## STORED DATA
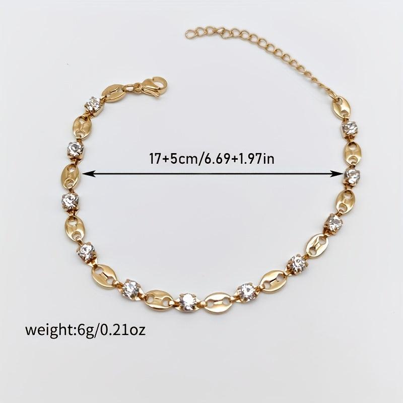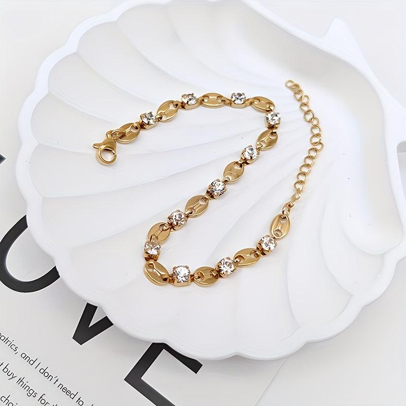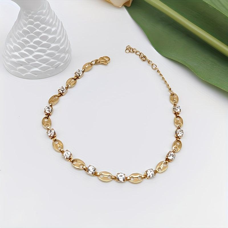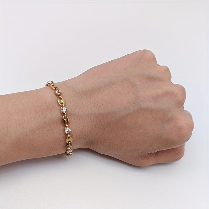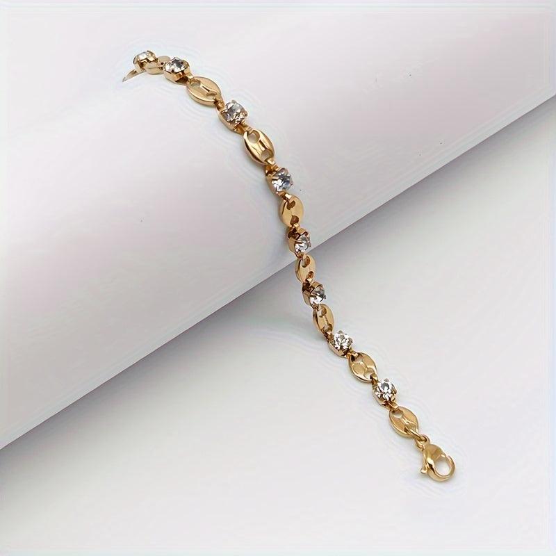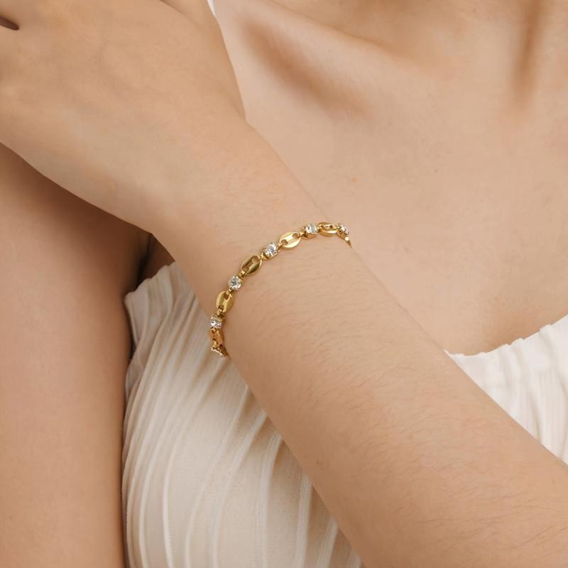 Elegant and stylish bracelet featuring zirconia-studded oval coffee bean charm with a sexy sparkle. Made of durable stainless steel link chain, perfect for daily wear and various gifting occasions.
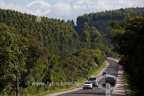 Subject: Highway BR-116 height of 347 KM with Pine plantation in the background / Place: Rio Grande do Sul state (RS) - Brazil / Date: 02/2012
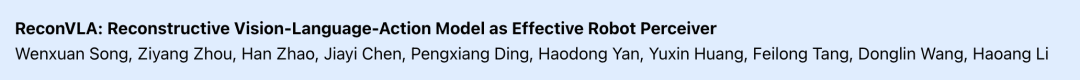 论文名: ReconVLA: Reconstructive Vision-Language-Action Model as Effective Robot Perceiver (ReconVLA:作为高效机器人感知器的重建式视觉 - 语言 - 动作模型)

## WORK REQUIRED
The data above must be written out again without alteration, and the pictures in them must be excluded.

## COMPLETED EXERCISE
 Elegant and stylish bracelet featuring zirconia-studded oval coffee bean charm with a sexy sparkle. Made of durable stainless steel link chain, perfect for daily wear and various gifting occasions.
 Subject: Highway BR-116 height of 347 KM with Pine plantation in the background / Place: Rio Grande do Sul state (RS) - Brazil / Date: 02/2012
 论文名: ReconVLA: Reconstructive Vision-Language-Action Model as Effective Robot Perceiver (ReconVLA:作为高效机器人感知器的重建式视觉 - 语言 - 动作模型)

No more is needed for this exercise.